In this two-part article series, I am detailing some of the most frequently asked questions I have received over the last 25 years as a transactional lawyer helping clients close merger and acquisition deals. In the previous article, we covered when you should involve an attorney, some of the steps you should take before making a sale, stock vs asset sales, and earn-out payments.
In this conclusion to the article series, we will do a little myth busting in the world of Mergers and Acquisitions, review how rep and warranty insurance fits into your deal, and review options for purchase price adjustments.
Q. What are some common myths and misunderstandings about the deal process?
Myths abound when it comes to understanding the intricacies of merger and acquisition transactions. The following are a few of the most commonly spread myths about M&A deals, and the rationale behind why these myths are incorrect.
Myth: The size of deal drives its complexity.
Fact: The same issues arise in a small deal as in a large one, and often smaller companies have less developed internal systems to rely on for information. Issues relating to customer contracts, third party consents, payoff of banks, transitioning employees and benefit plans, and due diligence review are necessary regardless of the company’s enterprise value.

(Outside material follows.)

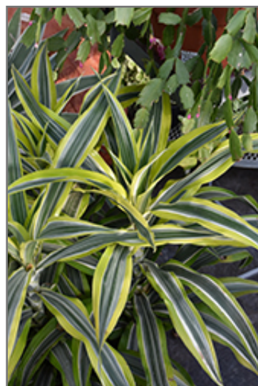
Lemon Lime Dracaena
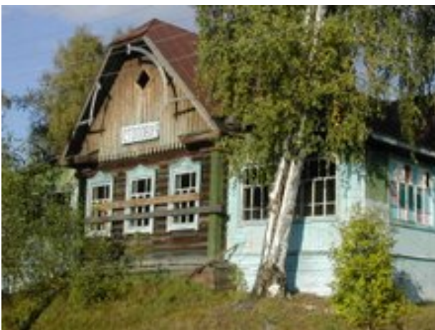
The closed dining hall of a former state-owned tourist base in Artybash.

Almost all visitors arrive in their own cars, but apart from that, tourist practices have not changed much since Soviet times: they include hikes, kayaking, swimming, and an emphasis on the spiritual benefits of "pure nature." Khanas's souvenir stalls, songs, dances, buses, and tour guides are missing. The director of the reserve even forbade local villagers from selling souvenirs. Instead, visitors can contemplate drunks stretched out across Artybash's main street on their morning walks — 70 percent of the village population is unemployed.

Myth: Acquiring a public company requires more negotiation.
Fact: Private company deals have the same terms as public ones, but also include indemnification provisions, which are typically NOT included in public company deals. So, deals involving private companies can require more, or at least as much, negotiation as those involving public companies.

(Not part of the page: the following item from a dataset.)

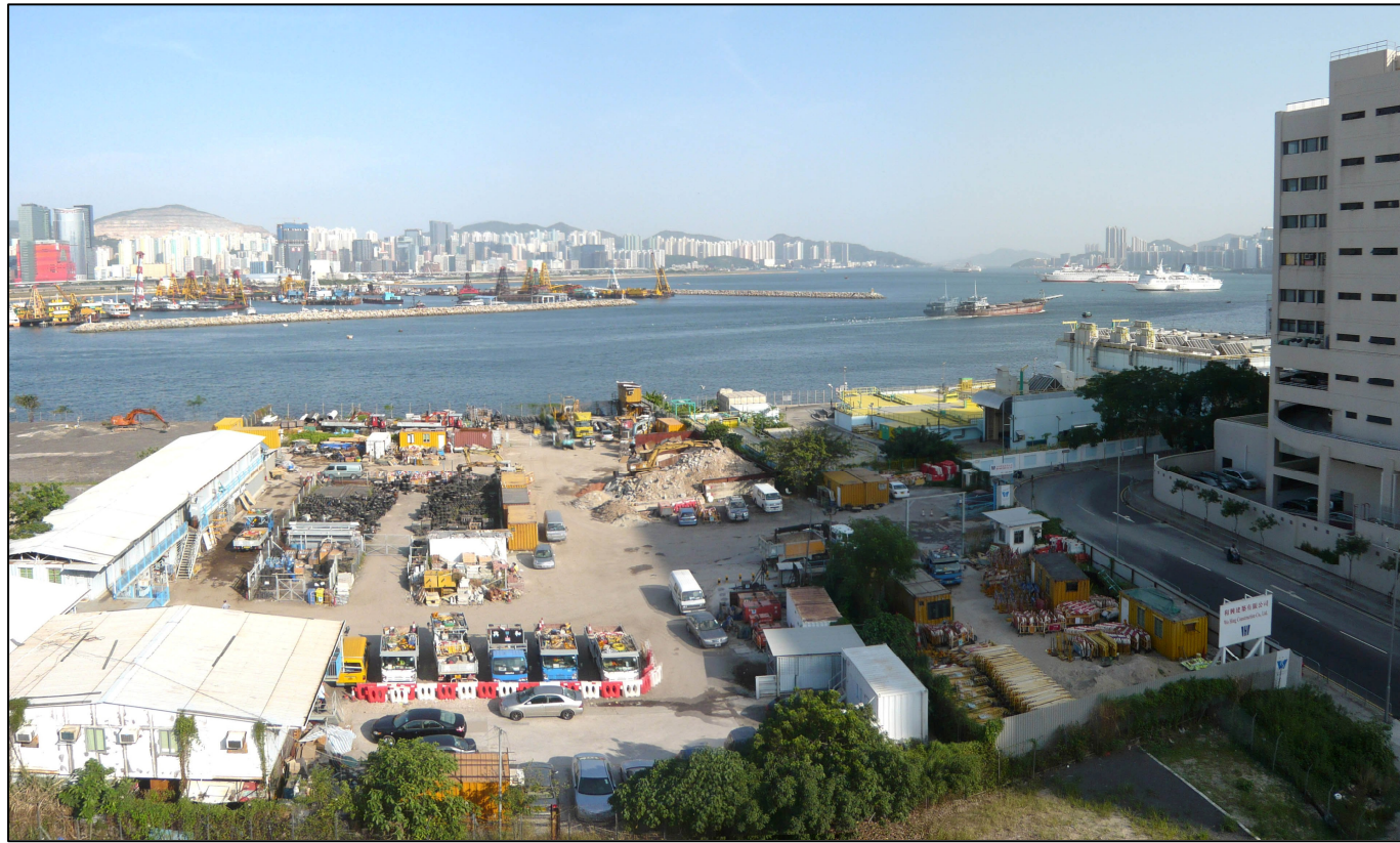
Existing View from West – Po Leung Kuk Ngan Po Ling College

Myth: There’s a standard form of agreement.
Fact: While any good purchase agreement should cover the same key areas – structure, purchase price, representations, indemnification, conditions to closing, closing deliveries, and noncompetition agreements among them – many of these provisions are highly negotiated and tailored to the parties’ unique goals.
Q. What are Representations and Warranties and what role do they play in a deal?
Besides requiring payment of the purchase price, a key function of the purchase agreement is to allocate risk between buyers and sellers, through representations and warranties (reps and warranties) which the seller makes about the quality of the business, and indemnification where the seller agrees to hold the buyer harmless if there are any breaches of the representations (in essence, returning a portion of the purchase price). So, the language in the reps and warranties is very important. Negotiating for limitations on indemnification is also critical. A seller will want it to be as small a percentage of the purchase price as possible.
Q. What is rep and warranty insurance and how does it work?
Response: Rep and warranty insurance has been around for about 15 years, and we’re seeing it more and more frequently. Reps and warranties are statements made by the seller in the purchase agreement about the quality and nature of the business being sold. After the purchase price, these are some of the most critical parts of the agreement. If the representations made by the seller turn out to be incorrect, the buyer can be indemnified and have some portion of the purchase price returned. While buyers want a broad indemnity package, sellers want a narrow one – and rep and warranty insurance can help bridge this gap. It’s used most often in deals of $20M or more, and either the buyer or the seller can obtain coverage, although it’s more common for the buyer to be insured.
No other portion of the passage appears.